### Exercise
Set the listing down unchanged, minus every embedded image.

*** Collected material ***

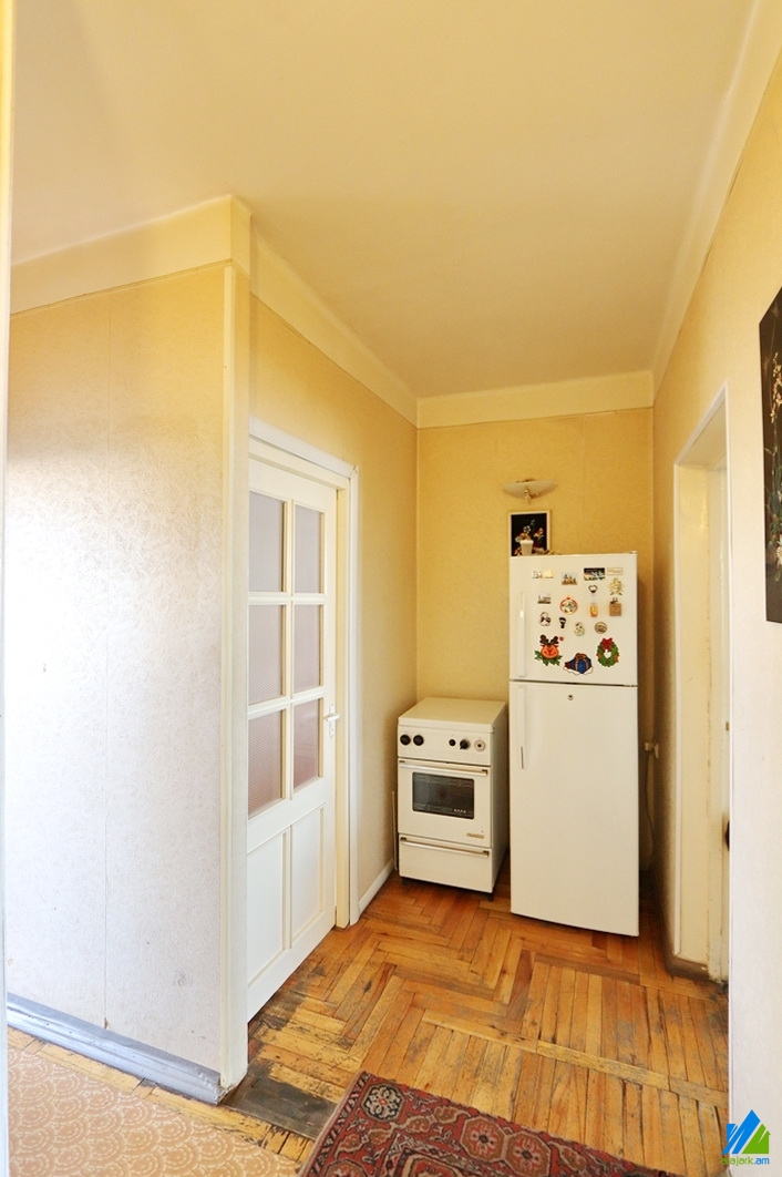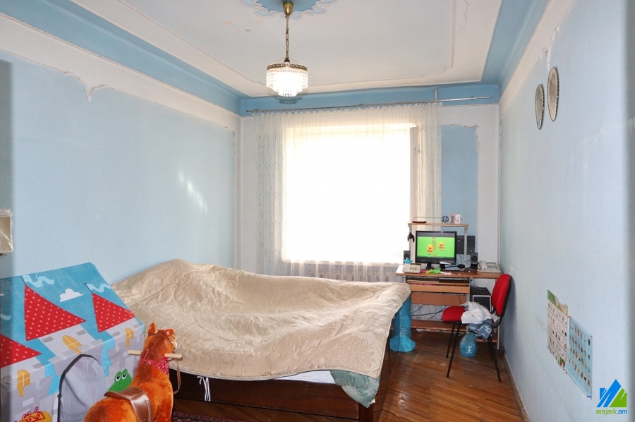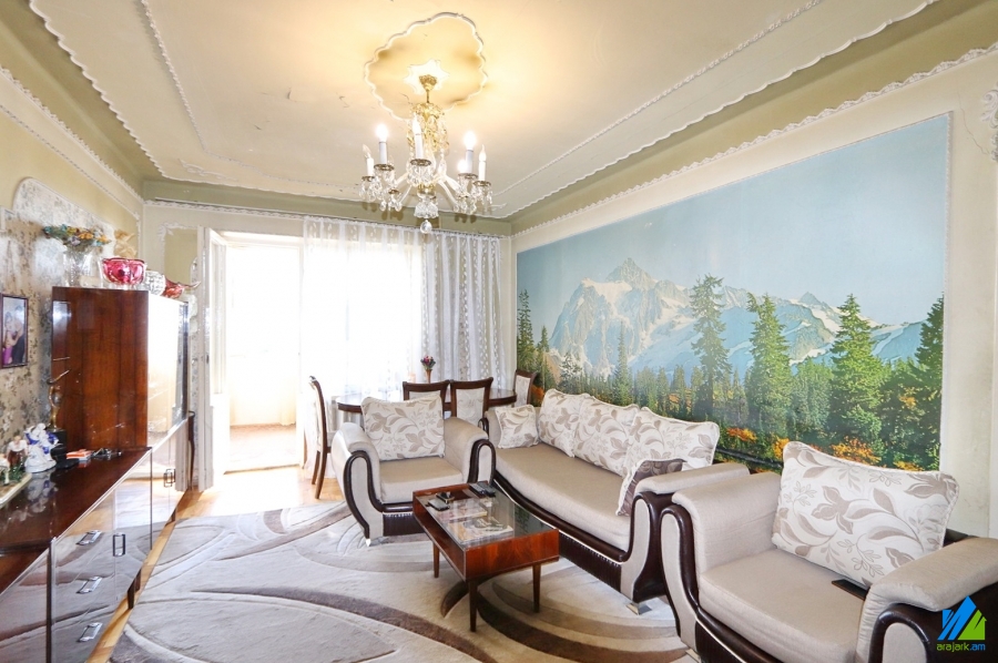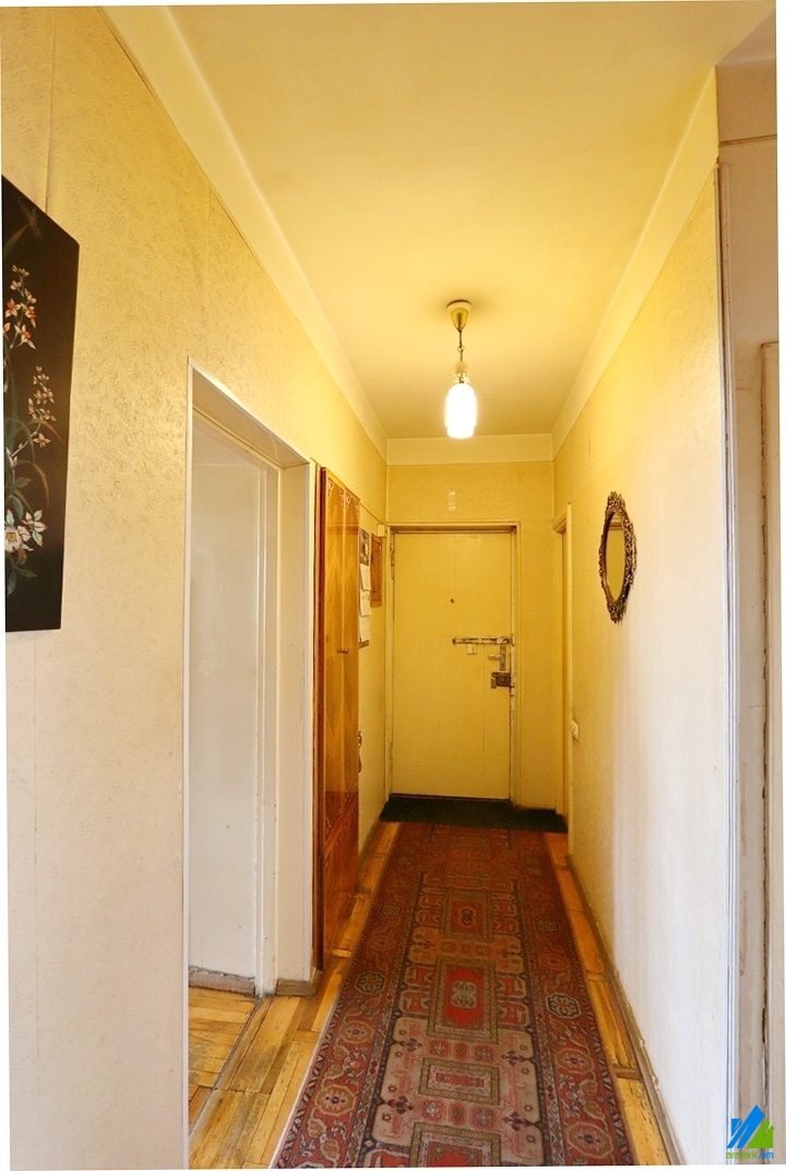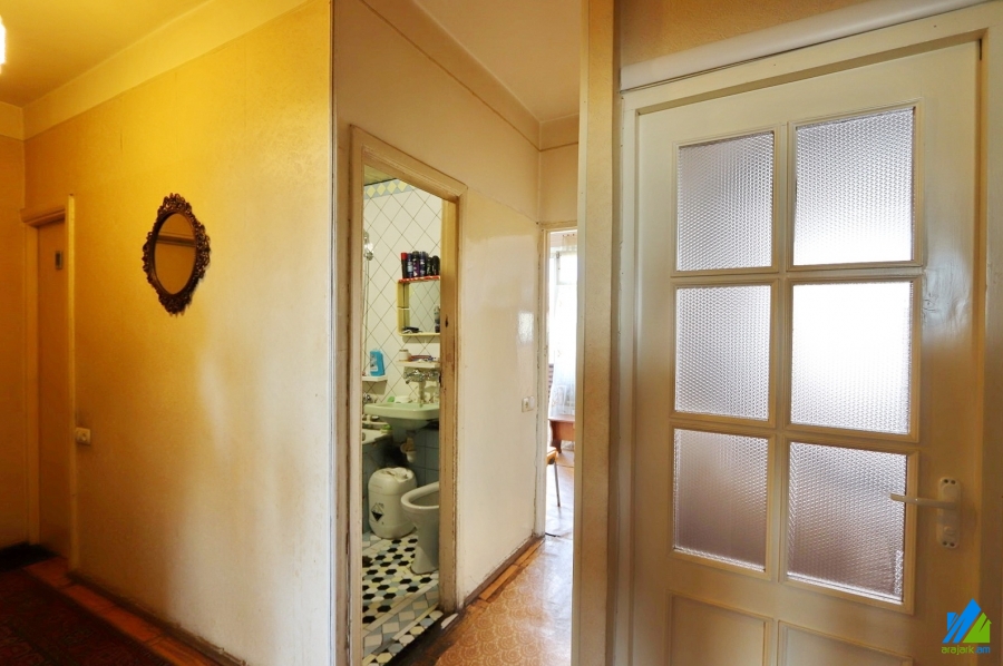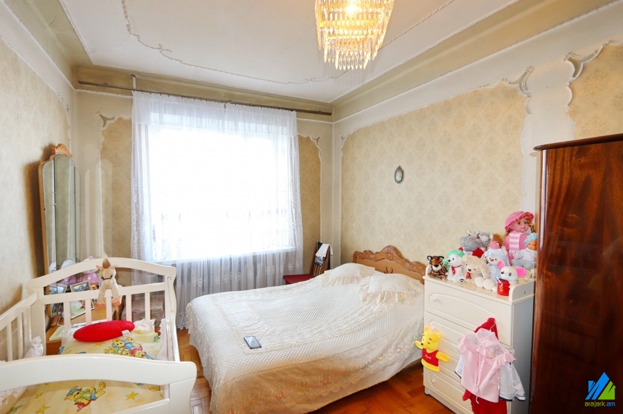 An apartment for sale in Kievyan 1-st Alley (Kievyan-Orbeli Crossroad). The rooms' quantity is 4 (1 hall and 3 bedrooms). The apartment is in the state condition and is located on the 3-rd floor of the 5-storey stone building, that is stationed on the 1st line. The entrance door is iron-made, the windows are wooden, the floor is covered by parquet. The bathroom is combined, formr tiled, the electric wires and pipes are newly changed. The apartment has built-in closets, kitchen furniture, 2 balconies and is supplied with constant water and gas. The entrance is from the yard. The view is towards the yard and Kievyan 1st Alley.
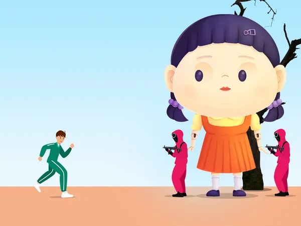 "squidgame Red Light Green Light" Bakgrund Vector Art För Dator Eller Mobil. -
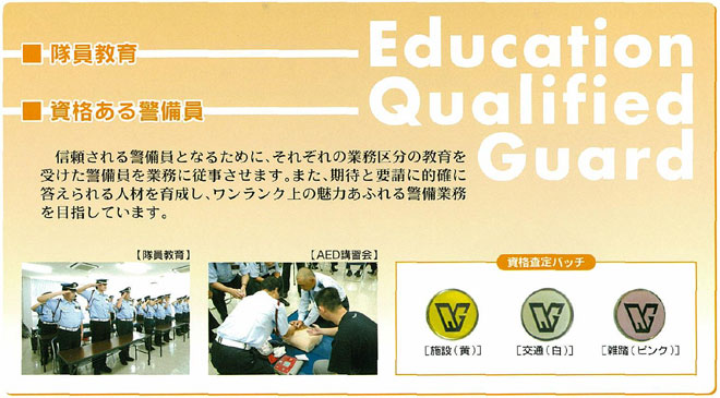 警備にあたっては、新設・丁寧明るい対応で、施設の品位向上に努めます。

***

### Exercise solution
 An apartment for sale in Kievyan 1-st Alley (Kievyan-Orbeli Crossroad). The rooms' quantity is 4 (1 hall and 3 bedrooms). The apartment is in the state condition and is located on the 3-rd floor of the 5-storey stone building, that is stationed on the 1st line. The entrance door is iron-made, the windows are wooden, the floor is covered by parquet. The bathroom is combined, formr tiled, the electric wires and pipes are newly changed. The apartment has built-in closets, kitchen furniture, 2 balconies and is supplied with constant water and gas. The entrance is from the yard. The view is towards the yard and Kievyan 1st Alley.
 "squidgame Red Light Green Light" Bakgrund Vector Art För Dator Eller Mobil. -
 警備にあたっては、新設・丁寧明るい対応で、施設の品位向上に努めます。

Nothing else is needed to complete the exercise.